### What needs to be done
Given the entries that follow, write out exactly the lines starting at the one containing "Deze trui van" and ending at the one containing "培訓(xùn)在前,提升在后", both ends included, and only those.

Dataset excerpts below:

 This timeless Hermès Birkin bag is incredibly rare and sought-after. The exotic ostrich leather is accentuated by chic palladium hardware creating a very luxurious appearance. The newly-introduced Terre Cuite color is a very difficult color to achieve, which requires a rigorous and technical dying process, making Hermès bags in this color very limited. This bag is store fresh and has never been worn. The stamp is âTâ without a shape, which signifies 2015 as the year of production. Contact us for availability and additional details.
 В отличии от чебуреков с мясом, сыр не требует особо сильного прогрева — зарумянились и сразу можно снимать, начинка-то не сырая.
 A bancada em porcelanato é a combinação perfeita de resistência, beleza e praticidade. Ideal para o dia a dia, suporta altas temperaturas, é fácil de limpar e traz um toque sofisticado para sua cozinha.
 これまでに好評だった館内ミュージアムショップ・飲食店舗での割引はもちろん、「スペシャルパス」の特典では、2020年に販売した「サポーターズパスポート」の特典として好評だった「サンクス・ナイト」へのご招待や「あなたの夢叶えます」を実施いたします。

End of Dataset excerpts.
Dataset excerpts below:

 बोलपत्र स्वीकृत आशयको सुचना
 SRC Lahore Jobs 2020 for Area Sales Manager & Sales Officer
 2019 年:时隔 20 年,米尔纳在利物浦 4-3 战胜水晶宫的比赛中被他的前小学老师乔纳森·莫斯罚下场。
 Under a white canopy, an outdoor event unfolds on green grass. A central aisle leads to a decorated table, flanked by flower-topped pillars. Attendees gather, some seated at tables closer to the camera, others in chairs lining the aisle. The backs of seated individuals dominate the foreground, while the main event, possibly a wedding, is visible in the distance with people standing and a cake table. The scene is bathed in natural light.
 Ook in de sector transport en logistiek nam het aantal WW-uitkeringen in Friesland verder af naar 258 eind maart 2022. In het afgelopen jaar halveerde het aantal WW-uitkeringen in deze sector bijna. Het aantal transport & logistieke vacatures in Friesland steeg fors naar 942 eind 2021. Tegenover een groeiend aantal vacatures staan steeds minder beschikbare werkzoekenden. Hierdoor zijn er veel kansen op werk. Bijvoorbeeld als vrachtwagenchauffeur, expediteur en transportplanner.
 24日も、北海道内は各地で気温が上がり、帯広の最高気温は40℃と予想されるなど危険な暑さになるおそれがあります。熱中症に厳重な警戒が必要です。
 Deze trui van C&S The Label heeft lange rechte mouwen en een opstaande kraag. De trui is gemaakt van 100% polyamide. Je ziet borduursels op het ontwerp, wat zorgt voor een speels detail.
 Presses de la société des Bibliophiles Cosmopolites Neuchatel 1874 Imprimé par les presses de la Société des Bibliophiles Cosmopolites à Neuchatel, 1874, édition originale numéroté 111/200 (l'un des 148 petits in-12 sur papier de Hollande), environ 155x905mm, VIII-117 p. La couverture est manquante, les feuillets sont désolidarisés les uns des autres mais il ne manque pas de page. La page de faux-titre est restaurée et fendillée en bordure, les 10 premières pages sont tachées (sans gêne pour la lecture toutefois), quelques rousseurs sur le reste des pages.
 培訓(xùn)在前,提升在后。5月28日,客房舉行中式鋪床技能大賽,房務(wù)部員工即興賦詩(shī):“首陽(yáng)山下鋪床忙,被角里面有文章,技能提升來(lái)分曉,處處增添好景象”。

End of Dataset excerpts.

### Response area
 Deze trui van C&S The Label heeft lange rechte mouwen en een opstaande kraag. De trui is gemaakt van 100% polyamide. Je ziet borduursels op het ontwerp, wat zorgt voor een speels detail.
 Presses de la société des Bibliophiles Cosmopolites Neuchatel 1874 Imprimé par les presses de la Société des Bibliophiles Cosmopolites à Neuchatel, 1874, édition originale numéroté 111/200 (l'un des 148 petits in-12 sur papier de Hollande), environ 155x905mm, VIII-117 p. La couverture est manquante, les feuillets sont désolidarisés les uns des autres mais il ne manque pas de page. La page de faux-titre est restaurée et fendillée en bordure, les 10 premières pages sont tachées (sans gêne pour la lecture toutefois), quelques rousseurs sur le reste des pages.
 培訓(xùn)在前,提升在后。5月28日,客房舉行中式鋪床技能大賽,房務(wù)部員工即興賦詩(shī):“首陽(yáng)山下鋪床忙,被角里面有文章,技能提升來(lái)分曉,處處增添好景象”。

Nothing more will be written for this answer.